In a recent assessment of the impact of Liverpool’s WHS designation, the Institute of Cultural Capital (ICC), University of Liverpool  explored perceptions and attitudes among citizens. Based on interviews and surveys of people involved in managing or promoting Liverpool’s visitor economy as well as ordinary Liverpudlians, the ICC report suggests that while people are generally agreed that Liverpool’s designation as a world heritage site has ‘contributed significantly’ to a sense of civic pride, those living in deprived areas outside of the city centre feel much less positive about the benefits than more affluent city centre residents. Local opinion is also divided about the economic value of the designation, with many citizens struggling to identify clear economic benefits. On the question of Liverpool losing its WHS designation, most agreed that this would have adverse impacts on the city’s image and attractiveness as a visitor destination. However, concerns over the negative impacts of delisting appear to be much greater among city centre residents than citizens living in “outlying and deprived city areas”, where the proposed Liverpool Waters development was “more likely to be welcomed as a much needed and long overdue” stimulus for the economy.

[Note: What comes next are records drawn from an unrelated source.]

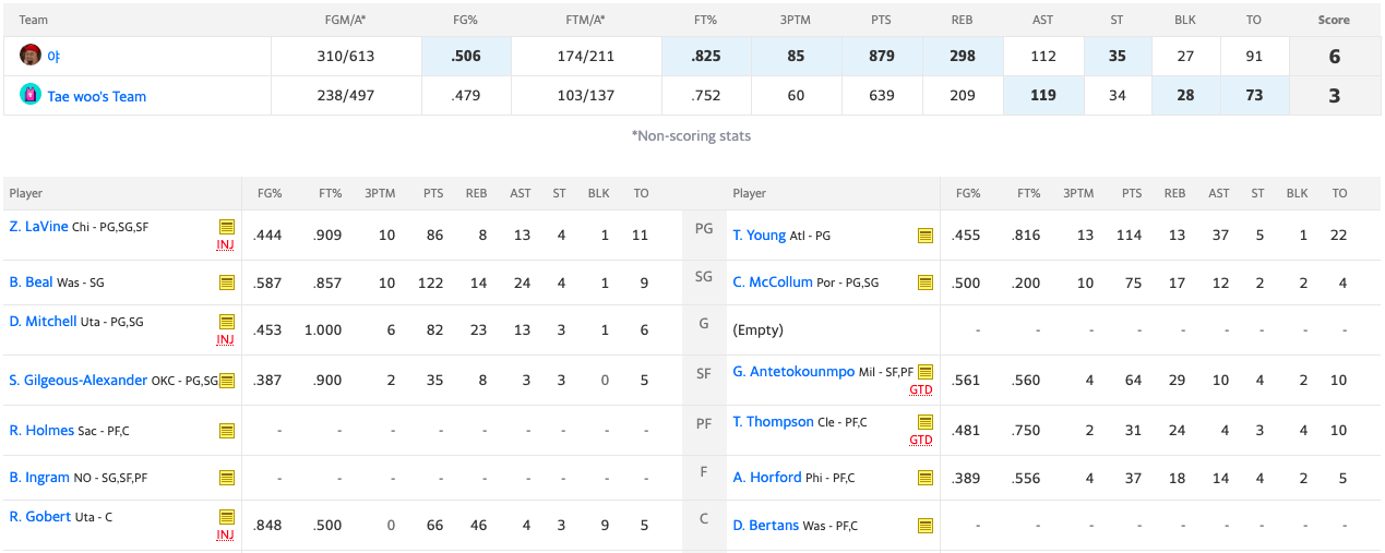 By following up with media updates, users can trade players with each other which makes this creative competition all the more exciting and fun. Each week, you are paired with a competitor and the two teams compete to see who can win the most categories (points, rebounds, assists, etc.)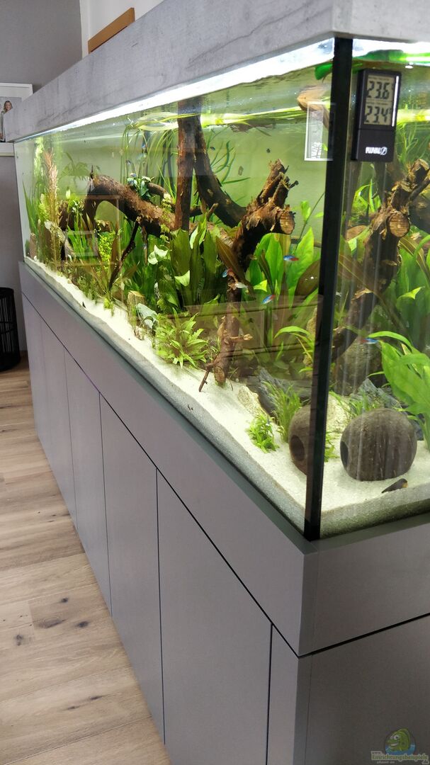 2 x 40 mm Bohrung rechts oben auf der Seite für Ablauf und Notüberlauf, automatischer Wasserwechsel ca 50L täglich, mit Überlauf vom 160L Filterbecken. Unter dem großen Becken ist jetzt ein kleines Aufzuchtbecken. Wird auch über den großen Filter betrieben.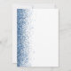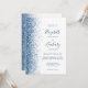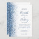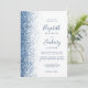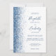 A borda esquerda deste elegante convite de casamento moderno apresenta uma borda azul de falso brilho. O texto personalizável combina manuscrito azul, fontes em copperplate e itálico em um fundo branco. O verso apresenta um design azul e branco correspondentes.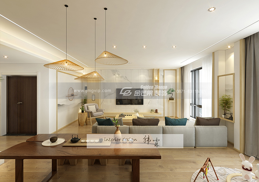 客廳的茶幾和品茶區擺放的茶具,是屋主人好客的體現,木質的柜體順應了整體的風格,稍顯深邃的工業風格背景墻,品茶區和客廳的連接,聯系性強,設計感強烈的吊燈也成為了顏值擔當。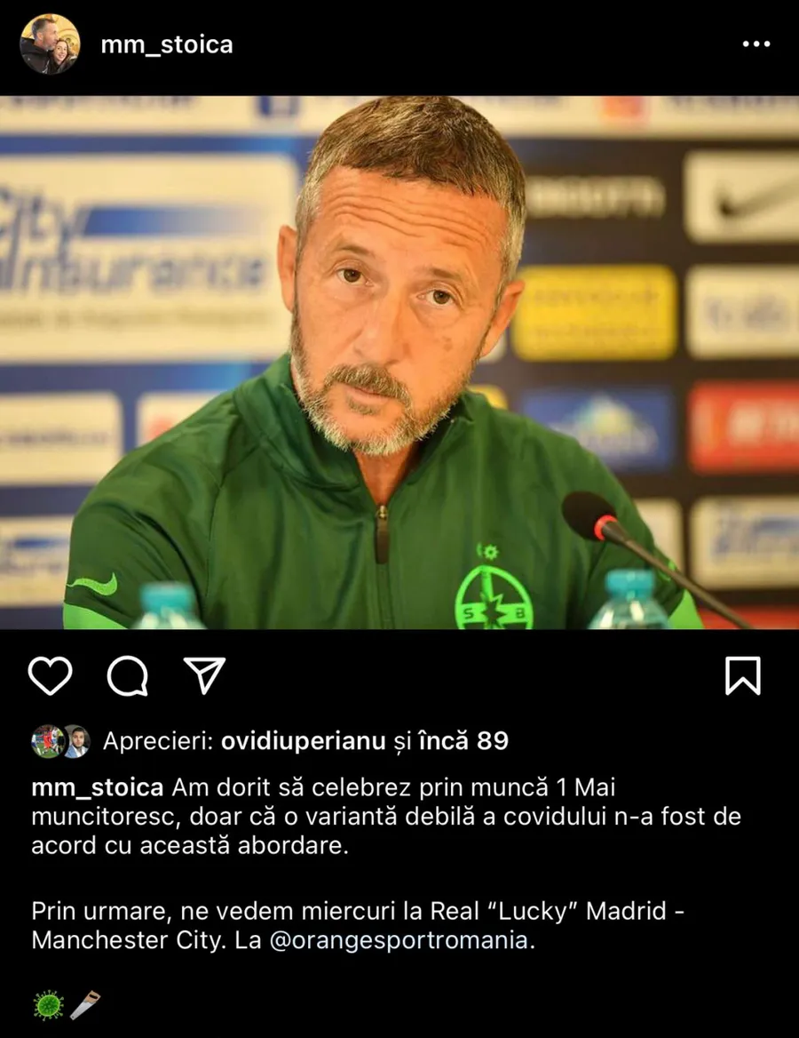 „Am dorit să celebrez prin muncă 1 Mai muncitoresc, doar că o variantă debilă a covidului n-a fost de acord cu această abordare. Prin urmare, ne vedem miercuri la Real „Lucky” Madrid – Manchester City”, se arată în mesajul postat de Mihai Stoica.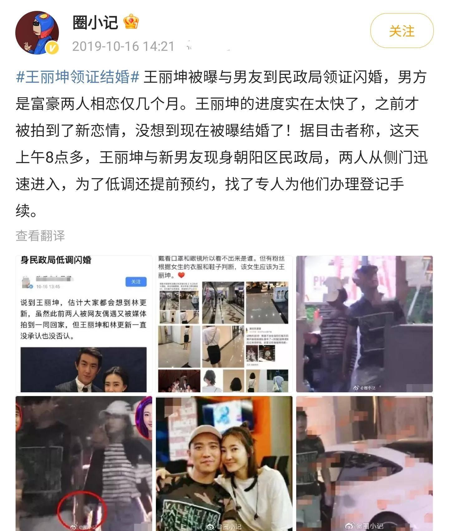 令人沒有想到的是這一年的10月,有狗仔爆料稱王麗坤和一名富商低調領證結婚了,狗仔還透露他們兩人從認識到結婚只有幾個月的時間。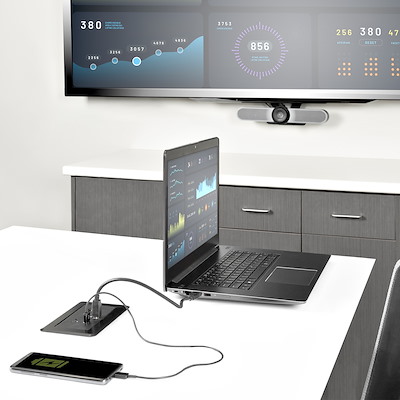 • Turn your conference table into a charging station, a docking station, or an A/V solution for adding displays to your laptop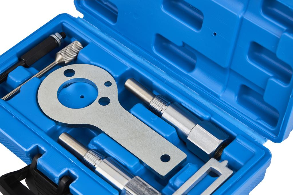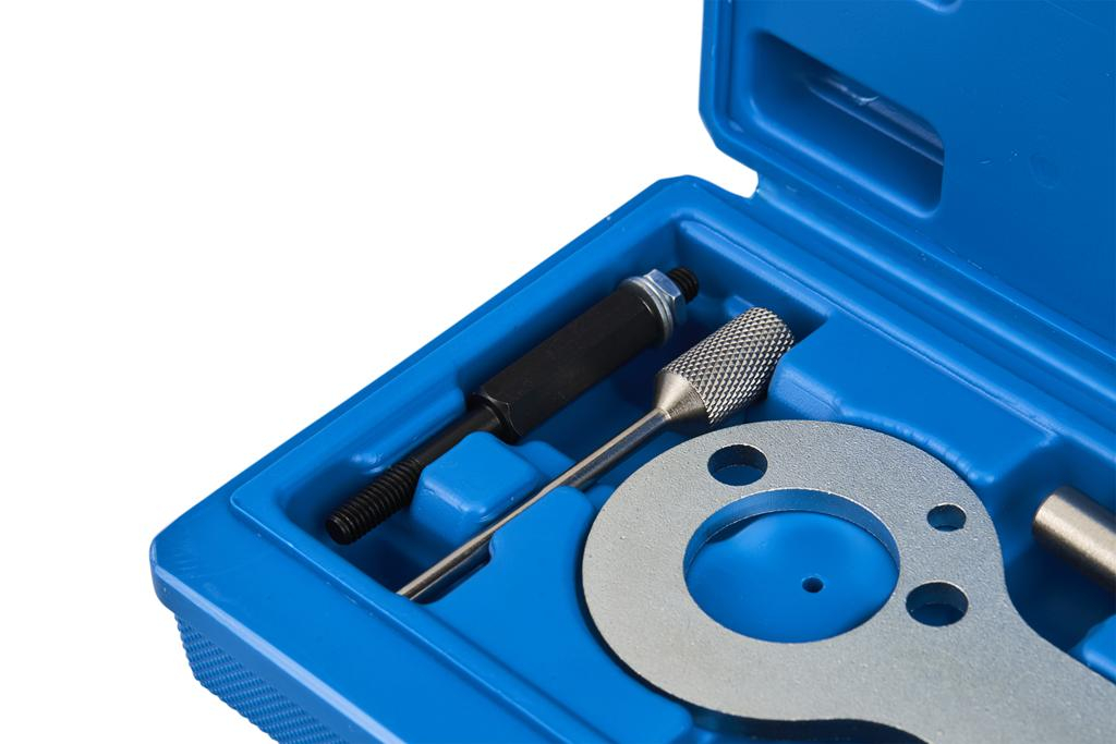 O unealtă profesională de blocare a pinionului arborelui cu came de la Kraft & Dele, model KD12526 . Acest kit vă permite să blocați angrenajele de distribuție în poziția de service în timpul înlocuirii curelei de distribuție. Forma specială a încuietorilor permite reglarea precisă a punctelor de sincronizare a aprinderii. Încuietorile imobilizează angrenajul de distribuție, pinionul arborelui cotit și rola întinzătorului curelei. Recomandat pentru utilizare profesională în atelierele specializate de reparații auto. Întregul kit vine într-o geantă de transport practică.

The findings of the ICC Report appear to suggest a degree of sympathy among Liverpool citizens for the city mayor’s argument that compliance with the UNESCO moratorium on development would place “hundreds of millions of pounds worth of investment and jobs at risk by sending out the message that Liverpool had ‘shut up shop and was closed for business”. However, the Report concludes that the city should do more to promote and educate its citizens on the positive outcomes arising from the social, cultural and educational values associated with the WHS title.  In fact the differences between ‘the heritage and development camps’ may run much deeper than mere questions of perception. For example, how do concepts associated with the defence of ‘threatened heritage’ translate into dynamic urban spaces, where people live and work? What is the impact of the UNESCO designation on political decision-making and local accountability?  In these times of prolonged austerity and public spending cuts, might the object-based logic of conservation, authenticity and ‘historical primacy’ be more and more called into question as cities seek to recover the dynamism of their real past as a way building a future?

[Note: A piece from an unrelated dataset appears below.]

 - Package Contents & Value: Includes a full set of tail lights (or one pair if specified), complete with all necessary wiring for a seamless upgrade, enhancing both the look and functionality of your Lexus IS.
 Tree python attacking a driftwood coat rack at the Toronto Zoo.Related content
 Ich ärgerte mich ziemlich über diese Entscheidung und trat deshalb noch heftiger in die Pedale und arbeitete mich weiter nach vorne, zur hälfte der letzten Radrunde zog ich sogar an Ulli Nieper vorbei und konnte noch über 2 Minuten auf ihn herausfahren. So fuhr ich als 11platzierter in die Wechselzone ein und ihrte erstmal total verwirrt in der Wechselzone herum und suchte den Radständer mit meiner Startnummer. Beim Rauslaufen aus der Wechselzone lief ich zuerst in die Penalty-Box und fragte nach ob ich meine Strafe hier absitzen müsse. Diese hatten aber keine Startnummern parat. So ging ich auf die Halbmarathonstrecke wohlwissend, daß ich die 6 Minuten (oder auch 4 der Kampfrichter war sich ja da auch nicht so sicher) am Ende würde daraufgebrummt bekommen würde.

Pauline Hadaway is a cultural manager with over fifteen years’ experience at senior management level, providing leadership, direction and strategic vision; strategic, business and financial planning, income generation and directing recruitment and management of creative, administrative and technical staff. Pauline is currently undertaking a professional doctorate at University of Manchester School of Arts, Languages and Culture and holds an MA cultural management (MA) and advanced diploma in social enterprise management (Ulster University).